Graph Schema (Neo4j)

Labels and Relationships:

// Node labels
(:User)
(:Organization)
(:Course)

// Typed relationships
(:User)-[:MEMBER_OF {role}]->(:Organization)
(:User)-[:FOLLOWS {since}]->(:User)
(:Course)-[:REQUIRES]->(:Course)

Document Schema (MongoDB)

Flexible Structure:

// Embedded approach (1-to-few)
{
  _id: ObjectId("..."),
  userId: "user-123",
  title: "My Blog Post",
  content: "...",
  comments: [  // Embedded
    {
      id: "comment-1",
      userId: "user-456",
      text: "Great post!",
      createdAt: ISODate("2024-01-15")
    }
  ],
  tags: ["tutorial", "javascript"],
  metadata: {
    views: 150,
    likes: 23
  }
}

// Reference approach (1-to-many)
{
  _id: ObjectId("..."),
  title: "E-commerce Order",
  userId: "user-123",  // Reference
  items: [
    { productId: "prod-789", quantity: 2 },  // Reference
    { productId: "prod-456", quantity: 1 }
  ],
  total: 149.99
}

---

Query Optimization

PostgreSQL Optimization

Indexes:

CREATE INDEX idx_users_email ON users(email);
CREATE INDEX idx_orders_user_date ON orders(user_id, created_at DESC);

Neo4j Optimization

Constraints and Indexes:

CREATE CONSTRAINT user_id_unique
FOR (u:User) REQUIRE u.id IS UNIQUE;

CREATE INDEX user_email
FOR (u:User) ON (u.email);

MongoDB Optimization

Indexes:

// Single field
db.posts.createIndex({ authorId: 1 });

// Compound index
db.posts.createIndex({ authorId: 1, createdAt: -1 });

// Text search
db.posts.createIndex({ title: "text", content: "text" });

// Embedded field
db.posts.createIndex({ "metadata.views": -1 });

Query Patterns:

// Efficient: Uses index
db.posts.find({ authorId: userId }).sort({ createdAt: -1 });

// Inefficient: Full collection scan
db.posts.find({ "comments.text": /keyword/ });

// Better: Index comment text separately or use aggregation

---

Anti-Patterns

Don't: Use Document DB for Transactions

// ✗ Bad: Complex multi-document transaction in MongoDB
session.startTransaction();
await orders.insertOne({ userId, total });
await inventory.updateOne({ productId }, { $inc: { stock: -1 } });
await session.commitTransaction();

Why: PostgreSQL designed for this, ACID guarantees stronger.

Don't: Embed Everything

// ✗ Bad: Embedding user data in every post
{
  title: "My Post",
  author: {
    id: "user-123",
    name: "Alice",
    email: "[email protected]",
    bio: "...",
    avatar: "..."  // Duplicated everywhere!
  }
}

Better: Store author ID, fetch user data separately.
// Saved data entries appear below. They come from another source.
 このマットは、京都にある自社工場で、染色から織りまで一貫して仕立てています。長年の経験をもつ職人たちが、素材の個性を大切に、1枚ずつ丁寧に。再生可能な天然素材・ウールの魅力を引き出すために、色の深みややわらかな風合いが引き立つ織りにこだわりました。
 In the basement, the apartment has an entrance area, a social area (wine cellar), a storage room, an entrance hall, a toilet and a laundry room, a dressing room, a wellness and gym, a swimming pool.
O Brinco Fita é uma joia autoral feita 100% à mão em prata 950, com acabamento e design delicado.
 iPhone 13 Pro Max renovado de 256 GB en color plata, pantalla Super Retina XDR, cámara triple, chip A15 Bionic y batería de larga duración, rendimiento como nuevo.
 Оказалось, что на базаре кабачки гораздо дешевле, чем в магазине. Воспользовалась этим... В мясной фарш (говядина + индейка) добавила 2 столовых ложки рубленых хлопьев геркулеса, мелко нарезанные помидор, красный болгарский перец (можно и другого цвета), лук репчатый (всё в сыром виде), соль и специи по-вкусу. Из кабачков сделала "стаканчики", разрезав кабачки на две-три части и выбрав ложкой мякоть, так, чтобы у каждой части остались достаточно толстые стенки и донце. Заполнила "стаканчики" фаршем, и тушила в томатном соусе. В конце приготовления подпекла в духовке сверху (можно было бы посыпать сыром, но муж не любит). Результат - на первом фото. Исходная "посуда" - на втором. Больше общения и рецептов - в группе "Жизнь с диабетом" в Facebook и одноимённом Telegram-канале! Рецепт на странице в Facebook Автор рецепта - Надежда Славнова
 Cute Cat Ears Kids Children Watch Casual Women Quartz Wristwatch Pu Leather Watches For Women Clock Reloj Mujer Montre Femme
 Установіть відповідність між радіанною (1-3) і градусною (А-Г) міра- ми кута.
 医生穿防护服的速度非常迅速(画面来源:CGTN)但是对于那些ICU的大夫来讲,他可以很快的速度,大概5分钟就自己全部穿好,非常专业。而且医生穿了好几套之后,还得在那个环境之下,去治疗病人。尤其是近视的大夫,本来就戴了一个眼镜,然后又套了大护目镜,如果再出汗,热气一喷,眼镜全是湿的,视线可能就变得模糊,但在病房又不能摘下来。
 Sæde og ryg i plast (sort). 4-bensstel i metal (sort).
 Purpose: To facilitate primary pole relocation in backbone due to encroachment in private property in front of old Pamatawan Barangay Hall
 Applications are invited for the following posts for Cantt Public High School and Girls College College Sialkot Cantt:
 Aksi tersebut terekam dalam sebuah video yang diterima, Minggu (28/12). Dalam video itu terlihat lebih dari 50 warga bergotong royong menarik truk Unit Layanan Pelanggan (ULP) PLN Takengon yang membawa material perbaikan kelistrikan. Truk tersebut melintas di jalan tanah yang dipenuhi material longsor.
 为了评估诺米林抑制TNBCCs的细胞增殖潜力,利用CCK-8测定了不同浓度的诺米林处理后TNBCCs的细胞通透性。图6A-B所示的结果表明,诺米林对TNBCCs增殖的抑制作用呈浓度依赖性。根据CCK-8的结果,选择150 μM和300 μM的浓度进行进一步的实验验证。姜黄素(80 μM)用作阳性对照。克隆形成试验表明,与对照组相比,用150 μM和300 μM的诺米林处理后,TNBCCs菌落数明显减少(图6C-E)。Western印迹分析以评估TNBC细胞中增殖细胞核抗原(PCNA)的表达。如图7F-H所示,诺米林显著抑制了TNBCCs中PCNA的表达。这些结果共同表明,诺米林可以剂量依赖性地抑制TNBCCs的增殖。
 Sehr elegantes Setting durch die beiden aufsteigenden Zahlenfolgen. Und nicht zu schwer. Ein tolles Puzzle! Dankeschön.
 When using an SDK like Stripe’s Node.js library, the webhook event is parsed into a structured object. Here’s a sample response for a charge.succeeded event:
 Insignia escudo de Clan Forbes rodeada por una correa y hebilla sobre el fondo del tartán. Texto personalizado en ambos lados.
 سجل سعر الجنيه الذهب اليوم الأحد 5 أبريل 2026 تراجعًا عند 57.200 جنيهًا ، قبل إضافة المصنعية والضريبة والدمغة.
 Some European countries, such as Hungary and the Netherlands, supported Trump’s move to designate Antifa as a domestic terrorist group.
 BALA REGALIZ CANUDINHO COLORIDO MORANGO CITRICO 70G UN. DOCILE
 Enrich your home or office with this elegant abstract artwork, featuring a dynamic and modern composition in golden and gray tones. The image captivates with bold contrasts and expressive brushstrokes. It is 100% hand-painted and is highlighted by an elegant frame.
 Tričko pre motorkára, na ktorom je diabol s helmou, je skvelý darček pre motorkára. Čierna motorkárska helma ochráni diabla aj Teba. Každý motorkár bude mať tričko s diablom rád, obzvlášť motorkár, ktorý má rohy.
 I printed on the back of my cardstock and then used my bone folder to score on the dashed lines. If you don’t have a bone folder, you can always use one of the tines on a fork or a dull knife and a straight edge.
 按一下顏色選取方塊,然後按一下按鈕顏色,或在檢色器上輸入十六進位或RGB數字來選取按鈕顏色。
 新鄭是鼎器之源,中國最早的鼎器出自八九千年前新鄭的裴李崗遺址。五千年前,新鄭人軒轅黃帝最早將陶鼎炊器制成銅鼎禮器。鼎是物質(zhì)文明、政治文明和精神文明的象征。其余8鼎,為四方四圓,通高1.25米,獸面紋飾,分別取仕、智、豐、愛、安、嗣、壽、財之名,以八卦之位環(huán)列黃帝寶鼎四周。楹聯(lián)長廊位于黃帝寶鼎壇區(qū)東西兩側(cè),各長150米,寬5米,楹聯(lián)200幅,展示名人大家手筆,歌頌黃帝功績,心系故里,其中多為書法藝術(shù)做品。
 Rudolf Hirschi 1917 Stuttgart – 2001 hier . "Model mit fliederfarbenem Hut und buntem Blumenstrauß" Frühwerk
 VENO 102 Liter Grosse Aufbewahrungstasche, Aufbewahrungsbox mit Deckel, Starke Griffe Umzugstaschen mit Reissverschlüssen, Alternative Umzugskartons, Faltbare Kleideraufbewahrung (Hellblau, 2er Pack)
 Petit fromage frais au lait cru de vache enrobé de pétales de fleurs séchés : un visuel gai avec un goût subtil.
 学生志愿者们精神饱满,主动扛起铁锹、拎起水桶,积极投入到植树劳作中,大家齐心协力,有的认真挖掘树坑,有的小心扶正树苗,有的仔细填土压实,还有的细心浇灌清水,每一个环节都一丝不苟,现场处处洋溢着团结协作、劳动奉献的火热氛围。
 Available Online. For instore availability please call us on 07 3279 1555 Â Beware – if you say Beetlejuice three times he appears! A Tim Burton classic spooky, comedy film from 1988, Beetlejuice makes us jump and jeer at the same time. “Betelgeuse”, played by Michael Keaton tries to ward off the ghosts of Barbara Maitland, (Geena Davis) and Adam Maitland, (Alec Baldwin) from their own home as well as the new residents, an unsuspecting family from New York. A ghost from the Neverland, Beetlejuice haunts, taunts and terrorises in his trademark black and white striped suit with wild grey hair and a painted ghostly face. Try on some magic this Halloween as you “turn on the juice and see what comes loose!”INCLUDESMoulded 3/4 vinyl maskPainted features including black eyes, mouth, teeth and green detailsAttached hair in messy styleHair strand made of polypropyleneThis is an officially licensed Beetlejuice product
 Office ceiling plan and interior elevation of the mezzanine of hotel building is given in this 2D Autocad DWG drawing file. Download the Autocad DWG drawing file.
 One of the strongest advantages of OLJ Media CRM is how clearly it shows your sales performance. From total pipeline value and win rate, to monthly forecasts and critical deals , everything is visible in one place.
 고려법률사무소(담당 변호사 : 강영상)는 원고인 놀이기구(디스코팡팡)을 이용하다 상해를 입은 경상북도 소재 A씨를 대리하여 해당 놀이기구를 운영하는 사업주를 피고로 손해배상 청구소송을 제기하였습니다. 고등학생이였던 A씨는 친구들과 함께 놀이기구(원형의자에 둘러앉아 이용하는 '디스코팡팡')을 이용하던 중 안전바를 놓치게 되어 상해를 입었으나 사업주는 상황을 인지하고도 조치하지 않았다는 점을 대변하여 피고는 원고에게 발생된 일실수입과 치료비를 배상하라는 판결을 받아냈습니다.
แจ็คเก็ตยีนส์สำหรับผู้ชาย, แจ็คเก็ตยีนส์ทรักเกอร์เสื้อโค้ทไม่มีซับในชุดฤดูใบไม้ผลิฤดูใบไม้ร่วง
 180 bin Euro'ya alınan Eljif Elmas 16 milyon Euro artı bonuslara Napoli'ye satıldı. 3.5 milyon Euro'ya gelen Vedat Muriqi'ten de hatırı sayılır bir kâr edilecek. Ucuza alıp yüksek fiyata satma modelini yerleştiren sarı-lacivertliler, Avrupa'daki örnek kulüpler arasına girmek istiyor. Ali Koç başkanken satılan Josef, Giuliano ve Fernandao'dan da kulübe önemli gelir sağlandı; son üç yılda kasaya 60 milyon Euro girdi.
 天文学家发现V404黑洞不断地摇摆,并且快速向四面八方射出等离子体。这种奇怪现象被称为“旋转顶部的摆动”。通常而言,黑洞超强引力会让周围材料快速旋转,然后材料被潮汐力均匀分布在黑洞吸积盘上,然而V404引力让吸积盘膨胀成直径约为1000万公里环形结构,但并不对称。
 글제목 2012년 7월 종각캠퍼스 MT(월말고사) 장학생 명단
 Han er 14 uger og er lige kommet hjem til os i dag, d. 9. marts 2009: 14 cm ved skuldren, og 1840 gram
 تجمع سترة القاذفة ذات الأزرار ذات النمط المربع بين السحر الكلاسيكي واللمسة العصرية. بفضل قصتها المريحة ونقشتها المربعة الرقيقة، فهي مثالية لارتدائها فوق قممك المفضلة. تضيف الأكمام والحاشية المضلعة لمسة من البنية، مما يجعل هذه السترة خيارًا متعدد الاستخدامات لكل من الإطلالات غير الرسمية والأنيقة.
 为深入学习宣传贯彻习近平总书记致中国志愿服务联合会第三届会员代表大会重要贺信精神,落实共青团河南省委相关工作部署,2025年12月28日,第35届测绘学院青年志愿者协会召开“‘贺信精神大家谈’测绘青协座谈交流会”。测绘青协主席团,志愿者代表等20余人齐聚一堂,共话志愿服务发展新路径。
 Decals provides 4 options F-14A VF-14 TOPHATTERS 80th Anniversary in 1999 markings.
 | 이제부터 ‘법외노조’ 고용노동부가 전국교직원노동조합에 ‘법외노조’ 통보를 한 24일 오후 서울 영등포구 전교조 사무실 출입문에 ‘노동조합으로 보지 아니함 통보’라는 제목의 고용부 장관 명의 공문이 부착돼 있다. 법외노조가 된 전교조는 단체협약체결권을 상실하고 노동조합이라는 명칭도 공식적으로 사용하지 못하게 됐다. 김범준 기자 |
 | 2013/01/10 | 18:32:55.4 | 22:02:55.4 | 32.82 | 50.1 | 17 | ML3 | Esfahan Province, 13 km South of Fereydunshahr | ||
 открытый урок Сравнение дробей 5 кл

Don't: Use Graph for Simple Lookups

// ✗ Bad: Using Neo4j for key-value lookup
MATCH (u:User {email: $email})
RETURN u;

Why: PostgreSQL or MongoDB faster for indexed lookups.

Don't: Force Relational Patterns into Documents

// ✗ Bad: Normalized MongoDB (defeats the purpose)
// users collection
{ _id: "user-123", name: "Alice" }

// posts collection
{ _id: "post-456", authorId: "user-123", title: "..." }

// comments collection
{ _id: "comment-789", postId: "post-456", text: "..." }

Why: If normalizing this much, use PostgreSQL instead.

---

Migration Strategies

Starting Point

Begin with PostgreSQL:

• Authentication
• Core transactional data
• Well-understood entities

Add MongoDB When:

• Content becomes varied
• Schema evolution frequent
• Nested data structures emerge

Add Neo4j When:

• Relationships become complex
• Traversal queries needed
• Recommendations required

Data Migration Examples

PostgreSQL → MongoDB:

// Export from PG
const posts = await supabase.from('posts').select('*');

// Transform and insert to MongoDB
await mongo.collection('posts').insertMany(
  posts.map(post => ({
    _id: post.id,
    ...post,
    metadata: {
      views: post.view_count,
      likes: post.like_count
    }
  }))
);

MongoDB → Neo4j (relationships):

// Get follows from MongoDB
const follows = await mongo.collection('follows').find().toArray();

// Create relationships in Neo4j
await neo4j.run(`
  UNWIND $follows AS follow
  MATCH (follower:User {id: follow.followerId})
  MATCH (followed:User {id: follow.followedId})
  CREATE (follower)-[:FOLLOWS {since: follow.createdAt}]->(followed)
`, { follows });

---

Portfolio Evidence

KSBs Demonstrated:

• K2: All Stages of Software Development Lifecycle (architecture decisions)
• K3: Roles and Responsibilities (database selection justification)
• S1: Analyse Requirements (choosing right tool for problem)
• S6: Design and Implement Database Systems (polyglot approach)

How to Document:

• Architecture Decision Records (ADRs) explaining database choices
• Diagrams showing which data lives where
• Performance comparisons (before/after changes)
• Migration scripts and sync strategies
• Trade-off analysis documentation

---

Success Criteria

Architecture is successful when:

• Each database handles what it does best
• Queries are fast (minimal cross-database operations)
• Data consistency maintained appropriately
• Clear reasoning for database placement
• Can scale databases independently
• Schema evolution manageable
• Team understands the architecture